Изменить размер шрифта - +
 — Господи, облез-то как! Как такого хоронить?

— В общей яме, — постановил «мир». — Как еще!

— Все-таки иностранец, — усомнился первый.

На него тотчас набросились:

— По-твоему выходит, если иностранец, значит, и отношение к нему должно быть другое? А по-нашему, был человек — и нет человека, и какая всем участь уготована, такая и ему! Ангелы с архангелами его на том свете не спросят, какому королю он служил и на каком наречии изъяснялся!

— Да я о другом… Может, он лютер был или вовсе язычник… А мы его с православными христианами в одну яму, — упирался первый.

— А если лютер — так пусть наши его хоть на том свете обучат, где свет истины, а где тьма заблуждений! — был ответ.

Против такого возражать было нечего, и злополучного немца потащили к общей яме, где сваливали трупы до тех пор, пока яма не заполнялась, после чего всех присыпали одной землей — одним прахом, из которого некогда был взят человек…

 

* * *

Наталья с Флором сидели на крыльце и смотрели в небо, где одна за другой зажигались звезды. Флор держал ее за руку.

— А где-то есть люди, которые живут спокойно и счастливо, — говорила Наталья задумчиво. — Подумать только, совсем недавно и мы не знали, что такое — сидеть взаперти и бояться чумы… Как мы, оказывается, были счастливы. Счастливы — и сами этого не понимали.

 

— Ну, я-то понимал, как мне повезло, — отозвался Флор со вздохом.

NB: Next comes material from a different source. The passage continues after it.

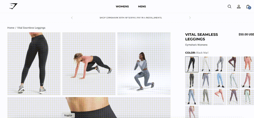 除此之外,在产品的详情页面,Gymshark 不仅展示了高质量的图像还应用了模特穿着服装运动起来的 GIF 动图,以准确地展示他们的产品在锻炼过程中的功能。

Гвэрлум обхватила его руками и прижалась к мужу всем телом.

— Если живы останемся — никогда, никогда я не буду огорчаться! Всегда буду тебе радоваться! Слезинки больше ни пророню! Кислой физиономии ни в жизнь не скорчу! Вот чем хочешь поклянусь!

Флор засмеялся, пригладил ее волосы.

— Бог даст, живы останемся. Не вечно же будет чума бушевать. Скоро на спад пойдет.

— А как мы это узнаем — что она на спад пошла?

— Как только первый человек от болезни поправится, — ответил Флор. — Это значит, она слабеть начала.

— Скажи, Флор, а бывало, чтобы от чумы город вымер? — спросила Наталья, замирая.

— Наверное, бывало… Я не помню. Знаю одно: в любом бою, во время любого мора всегда есть счастливец, который остается цел.

— Нет, было сражение — Триста Спартанцев — когда погибли все. И герои-панфиловцы тоже, знаешь… Это была огромная война с немцами. Вроде теперешней, только страшнее. Они тогда сказали: «Велика Россия, а отступать некуда — позади Москва». И все погибли.

— Что ж, — философски заметил Флор, — они были воинами. Знали, что делают. Хуже нет, когда человек поступает неосознанно.

— А ты знаешь, что делаешь?

— Знаю, — твердо отозвался Флор. И вдруг замер. Остановилась и его ладонь, ласково водившая по натальиной макушке.

— Что с тобой? — Гвэрлум напряглась. Ей почудилось, что ее муж чем-то испуган, а такое случалось крайне редко. Обычно невозмутимый Флор застыл, как будто увидел что-то ужасное.

— Что случилось? — повторила Наталья, высвобождаясь из его объятий.

— Смотри! — Он показал пальцем на какое-то темное пятно, мелькнувшее на фоне черного звездного неба.

— Не вижу. — Наталья прищурилась. — Нет, ничего не могу разобрать!

— Сейчас…

Флор вытянул шею, рассматривая то, что явилось перед ним на краткий миг и должно было показаться снова.